[Problem to solve] Without the pictures, print each of the records below exactly as it appears.

[Records for processing]
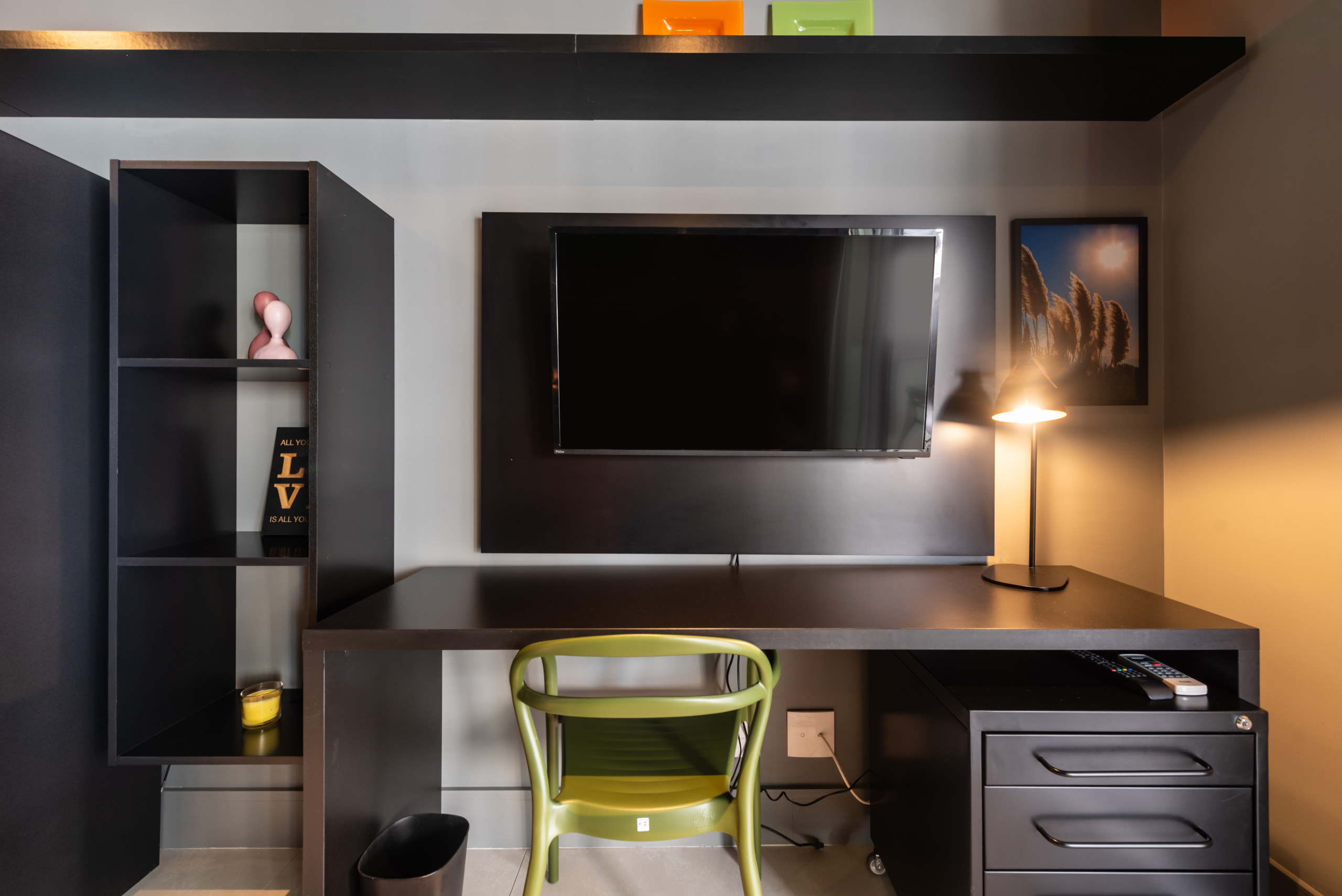 Espaço de trabalho dedicado, ideal para home office.
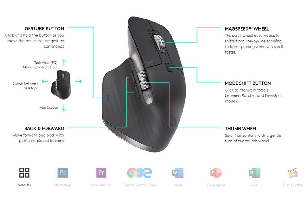 Khả năng tùy biến cùng đa dạng các cấu hình giúp chuột Logitech MX Master 3 Wireless trở thành một trợ thủ đắc lực trong các công việc văn phòng. Chuột Logitech MX Master 3 Wireless đem đến những tùy biến dành cho những công cụ như Adobe Photoshop, Adobe Premiere Pro, Google Chrome, Safari cùng các công cụ mật thiết đến văn phòng như Microsoft Word, Excel, PowerPoint.
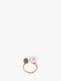 Antique gold-finished ring with a natural white Swarovski pearl-like and a pave Swarovski crystal skull. Brass hardware Material:100% Brass Product Code:651257J160Z4040
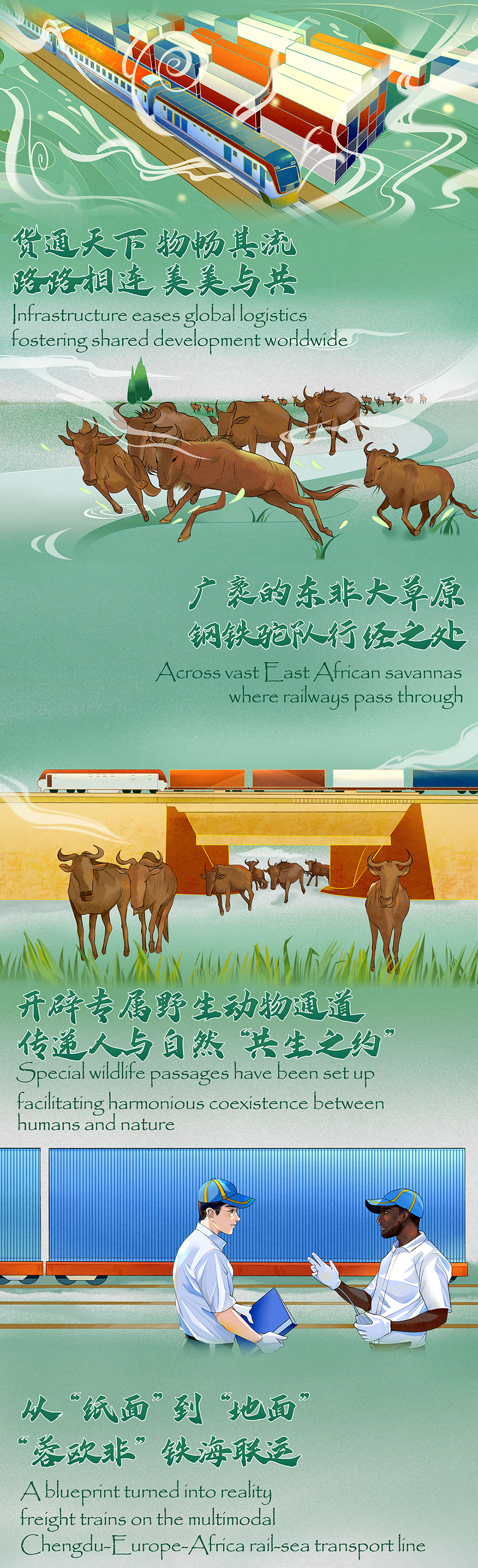 中新網12月29日電 從蒙內鐵路到中歐班列:“一帶一路”倡議跨山越海,物暢其流,共建國家共襄盛舉,共享繁榮,奏響跨大陸的動人交響樂。
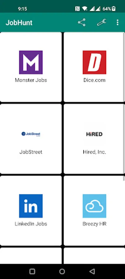 JobHunt - your ultimate job search companion! Say goodbye to the hassle of switching between multiple job search platforms to find your dream job. With this app, you have access to the name, logo, and link of 10 leading job search platforms including Monster and similar sites, all in one convenient app. With a user-friendly interface and intuitive navigation, finding your next job has never been easier. Whether you're a seasoned professional or just starting your career, it has got you covered. Start your job search today with JobHunt and take the first step toward your dream career.
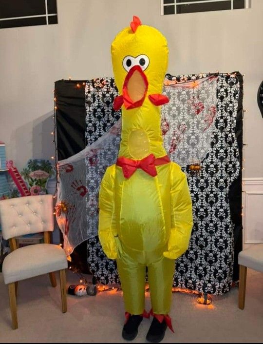 Inflatable rubber chicken costume includes; Inflatable costume, gloves, battery operated fan, belt clip, battery pack (batteries not included) Size: child, one size fits most Porch pickup or meet near Mill Creek area.
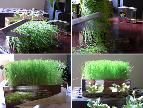 J+15 : Le carré de gazon mesure environ 8 cm. Pour le tonifier, placer le bas sur la tranche, coupez-le de 4 cm avec des ciseaux et brossez délicatement de la main pour éviter les résidus.
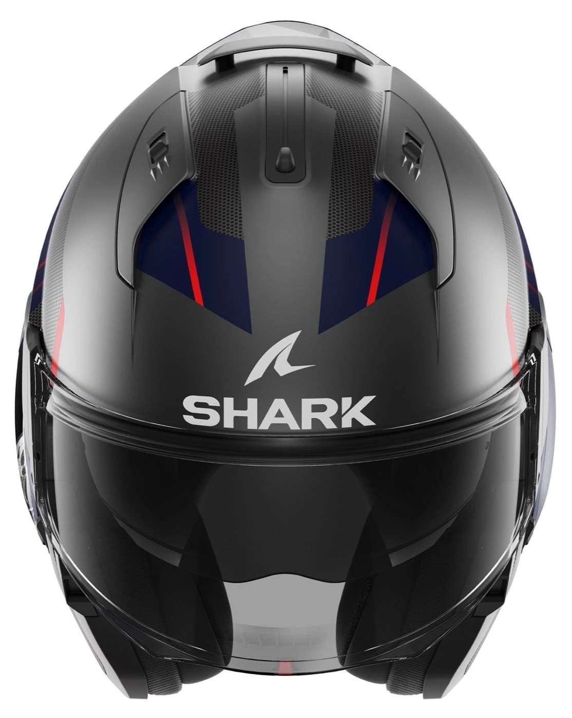De Shark EVO ES borduurt voort op de succesformule van de flip-over systeemhelm. Op deze wijze is het kinstuk wegklapbaar naar de achterzijde van de helm. Hierdoor wordt een slank profiel gerealiseerd waarbij je minimale hinder van de rijwind ervaart op het moment dat je met open helm rijdt in en om de stad. Verder is deze polycarbonaat systeemhelm voorzien van alle touring eigenschappen. Een ruim blikveld door het optisch klasse 1 vizier met onderliggend een groot zonnevizier met UV380 bescherming.

[Result for this task]
 Espaço de trabalho dedicado, ideal para home office.
 Khả năng tùy biến cùng đa dạng các cấu hình giúp chuột Logitech MX Master 3 Wireless trở thành một trợ thủ đắc lực trong các công việc văn phòng. Chuột Logitech MX Master 3 Wireless đem đến những tùy biến dành cho những công cụ như Adobe Photoshop, Adobe Premiere Pro, Google Chrome, Safari cùng các công cụ mật thiết đến văn phòng như Microsoft Word, Excel, PowerPoint.
 Antique gold-finished ring with a natural white Swarovski pearl-like and a pave Swarovski crystal skull. Brass hardware Material:100% Brass Product Code:651257J160Z4040
 中新網12月29日電 從蒙內鐵路到中歐班列:“一帶一路”倡議跨山越海,物暢其流,共建國家共襄盛舉,共享繁榮,奏響跨大陸的動人交響樂。
 JobHunt - your ultimate job search companion! Say goodbye to the hassle of switching between multiple job search platforms to find your dream job. With this app, you have access to the name, logo, and link of 10 leading job search platforms including Monster and similar sites, all in one convenient app. With a user-friendly interface and intuitive navigation, finding your next job has never been easier. Whether you're a seasoned professional or just starting your career, it has got you covered. Start your job search today with JobHunt and take the first step toward your dream career.
 Inflatable rubber chicken costume includes; Inflatable costume, gloves, battery operated fan, belt clip, battery pack (batteries not included) Size: child, one size fits most Porch pickup or meet near Mill Creek area.
 J+15 : Le carré de gazon mesure environ 8 cm. Pour le tonifier, placer le bas sur la tranche, coupez-le de 4 cm avec des ciseaux et brossez délicatement de la main pour éviter les résidus.
De Shark EVO ES borduurt voort op de succesformule van de flip-over systeemhelm. Op deze wijze is het kinstuk wegklapbaar naar de achterzijde van de helm. Hierdoor wordt een slank profiel gerealiseerd waarbij je minimale hinder van de rijwind ervaart op het moment dat je met open helm rijdt in en om de stad. Verder is deze polycarbonaat systeemhelm voorzien van alle touring eigenschappen. Een ruim blikveld door het optisch klasse 1 vizier met onderliggend een groot zonnevizier met UV380 bescherming.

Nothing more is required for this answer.